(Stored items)
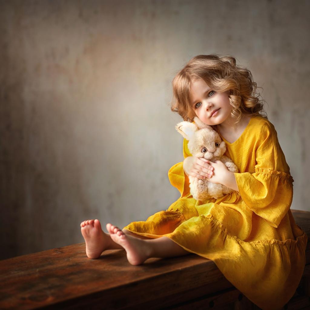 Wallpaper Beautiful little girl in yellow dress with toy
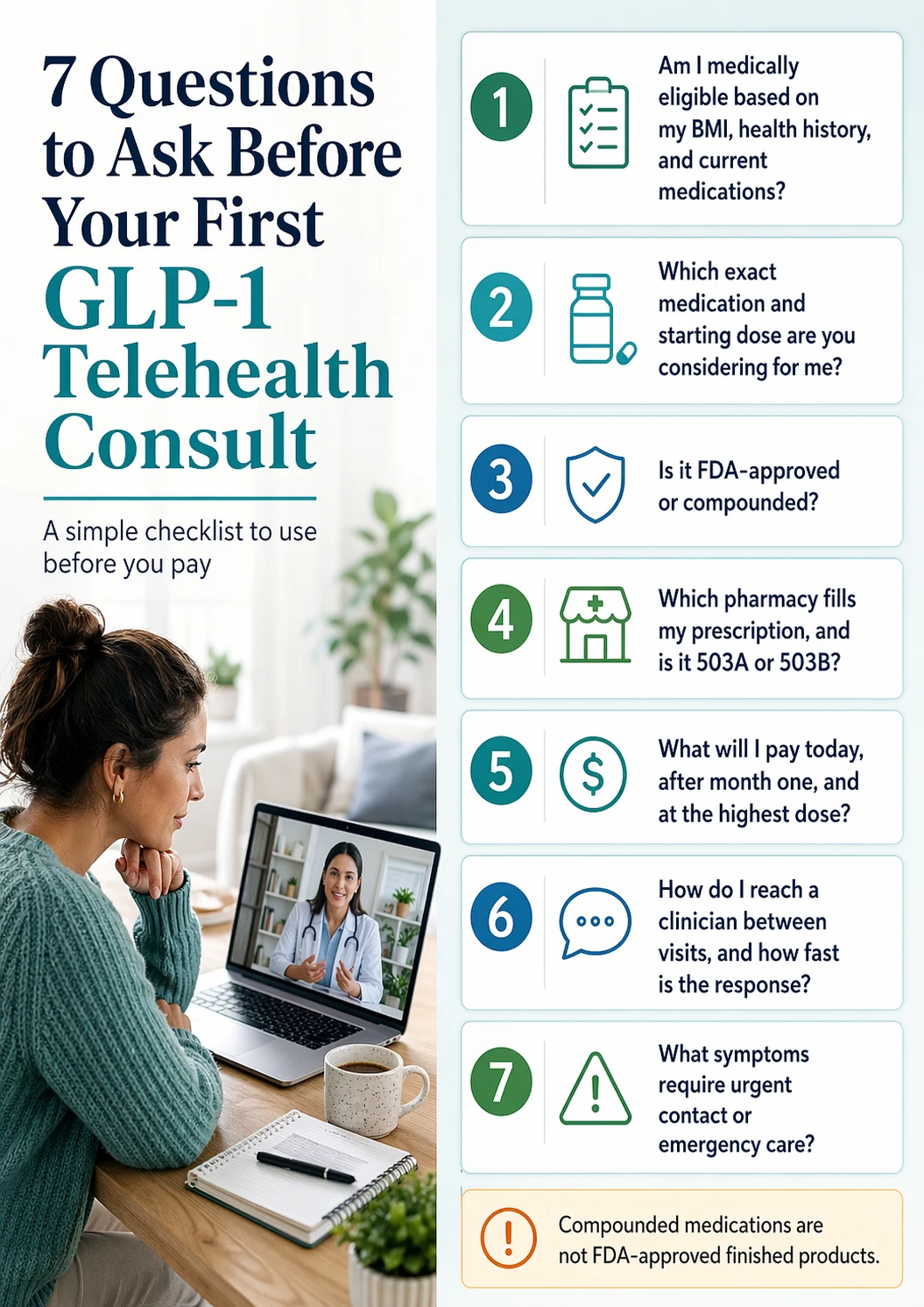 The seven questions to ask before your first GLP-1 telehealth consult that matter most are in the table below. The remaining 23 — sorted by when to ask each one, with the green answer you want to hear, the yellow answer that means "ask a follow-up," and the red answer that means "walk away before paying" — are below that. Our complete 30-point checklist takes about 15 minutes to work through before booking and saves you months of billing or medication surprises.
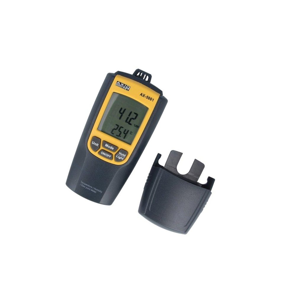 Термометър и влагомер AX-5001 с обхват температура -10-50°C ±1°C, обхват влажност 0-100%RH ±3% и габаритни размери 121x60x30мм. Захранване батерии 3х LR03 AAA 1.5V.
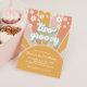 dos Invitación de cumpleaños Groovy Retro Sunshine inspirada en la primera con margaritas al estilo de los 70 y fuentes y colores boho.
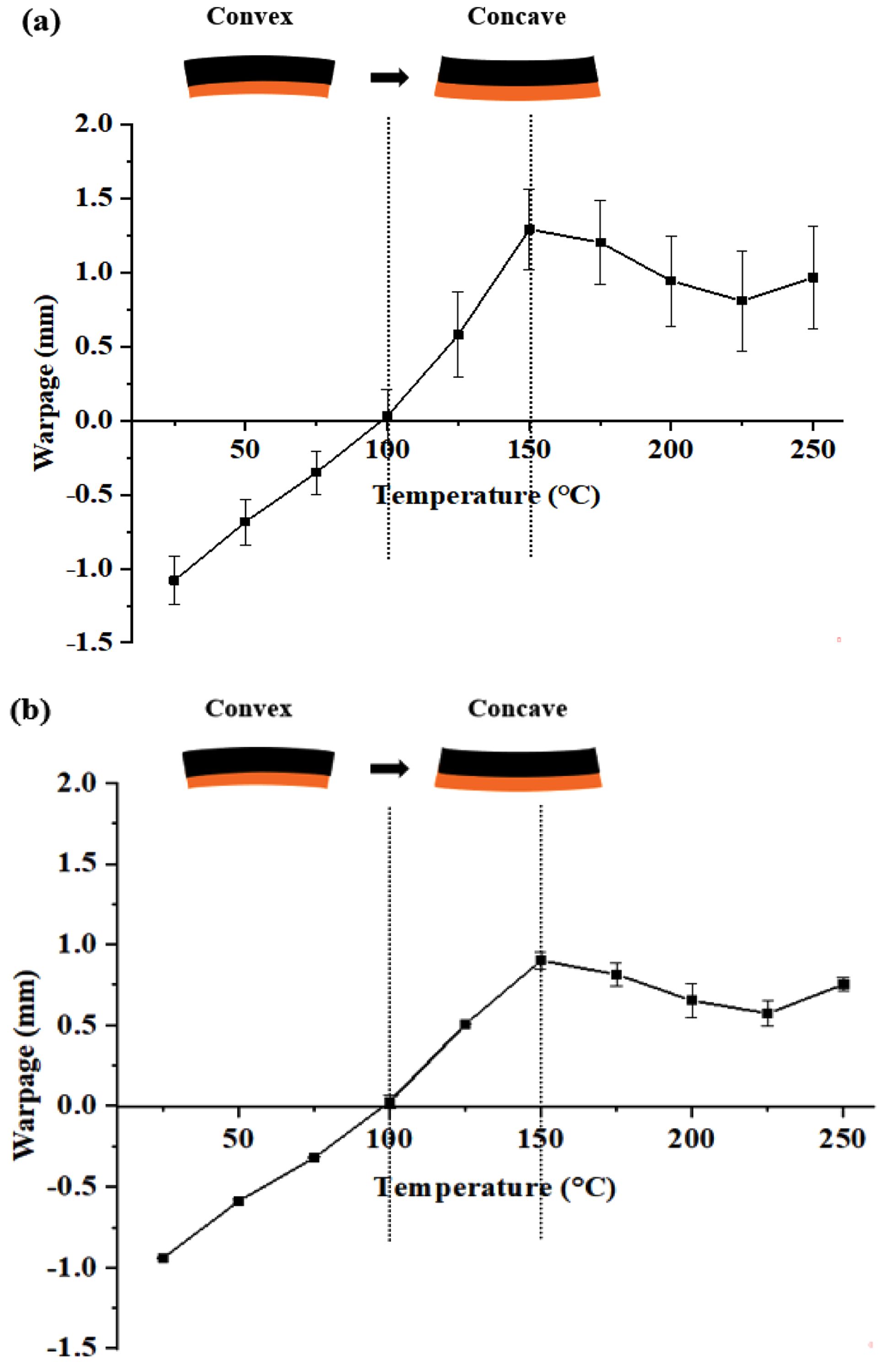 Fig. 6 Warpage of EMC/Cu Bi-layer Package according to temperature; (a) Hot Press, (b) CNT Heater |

**WORK REQUEST**
From the entries above, output every line exactly and omit any image.

**OUTPUT OF THE EXERCISE**
 Wallpaper Beautiful little girl in yellow dress with toy
 The seven questions to ask before your first GLP-1 telehealth consult that matter most are in the table below. The remaining 23 — sorted by when to ask each one, with the green answer you want to hear, the yellow answer that means "ask a follow-up," and the red answer that means "walk away before paying" — are below that. Our complete 30-point checklist takes about 15 minutes to work through before booking and saves you months of billing or medication surprises.
 Термометър и влагомер AX-5001 с обхват температура -10-50°C ±1°C, обхват влажност 0-100%RH ±3% и габаритни размери 121x60x30мм. Захранване батерии 3х LR03 AAA 1.5V.
 dos Invitación de cumpleaños Groovy Retro Sunshine inspirada en la primera con margaritas al estilo de los 70 y fuentes y colores boho.
 Fig. 6 Warpage of EMC/Cu Bi-layer Package according to temperature; (a) Hot Press, (b) CNT Heater |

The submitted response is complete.